■ **Task requirements**
The output is a word-for-word repeat of the listing below, free of images.

■ **Material provided**

⟨

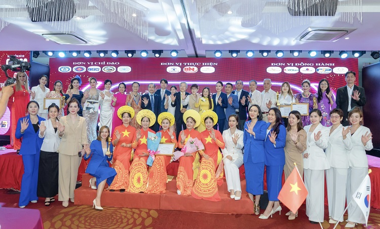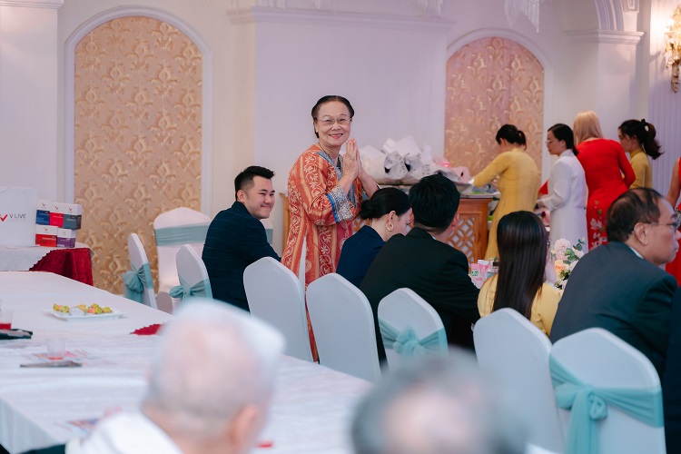 Chuyên gia ẩm thực Nguyễn Hồ Tiếu Anh nhận Thư Cảm Ơn do Công ty Bảo Ngọc Sài Gòn trao tặng. (Áo dài hồng, thứ năm bên trái qua).
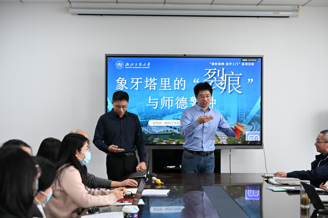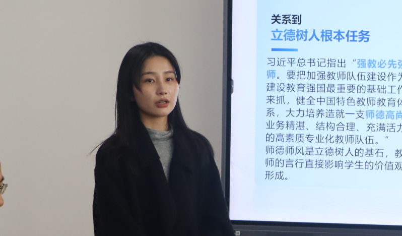 宣传部周婉钰老师详细介绍了师德师风建设的重要内涵,并结合教育部通报的违反教师职业行为十项准则典型案例进行分析,警示全体教师要以此为戒,坚决杜绝学术不端、师生不当关系等行为。
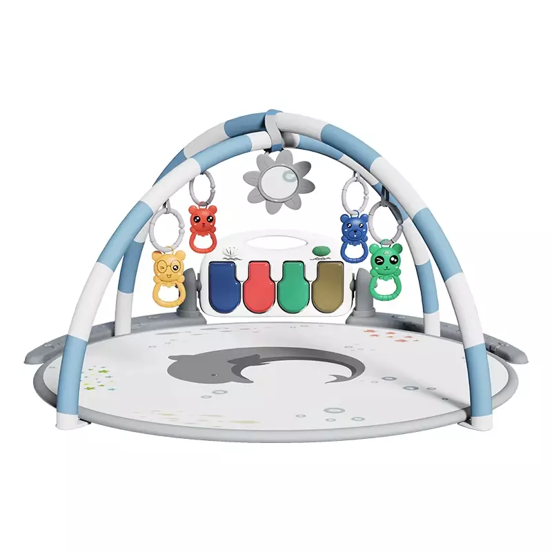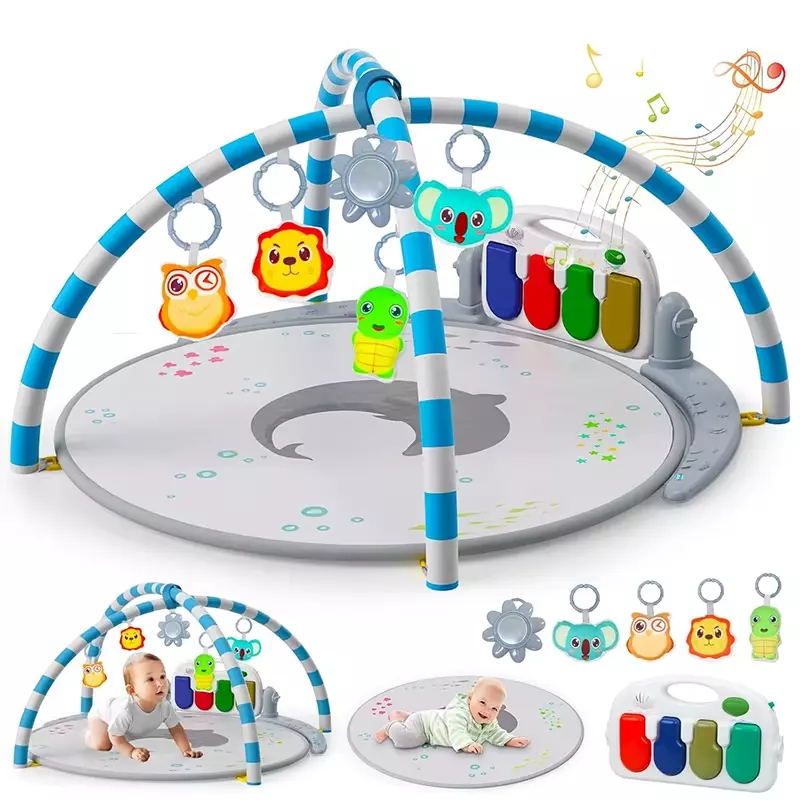 Детский игровой коврик с пианино, подвесными игрушками, развивающий коврик в сером цвете
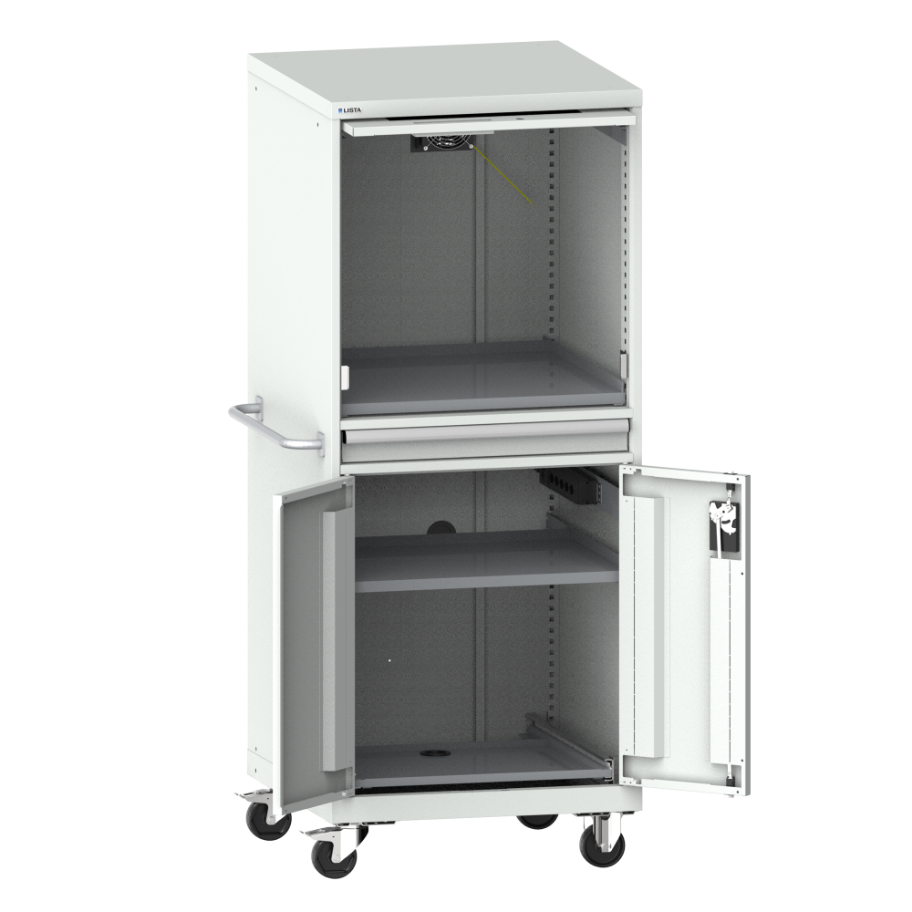 Armarios para ordenador: El ordenador, el hardware y el software se deben proteger del polvo, la suciedad y el acceso no autorizado en el área de la producción. Con el armario para ordenador de LISTA, se dispone de una solución segura y probada.

⟩

■ **Answer**
 Chuyên gia ẩm thực Nguyễn Hồ Tiếu Anh nhận Thư Cảm Ơn do Công ty Bảo Ngọc Sài Gòn trao tặng. (Áo dài hồng, thứ năm bên trái qua).
 宣传部周婉钰老师详细介绍了师德师风建设的重要内涵,并结合教育部通报的违反教师职业行为十项准则典型案例进行分析,警示全体教师要以此为戒,坚决杜绝学术不端、师生不当关系等行为。
 Детский игровой коврик с пианино, подвесными игрушками, развивающий коврик в сером цвете
 Armarios para ordenador: El ordenador, el hardware y el software se deben proteger del polvo, la suciedad y el acceso no autorizado en el área de la producción. Con el armario para ordenador de LISTA, se dispone de una solución segura y probada.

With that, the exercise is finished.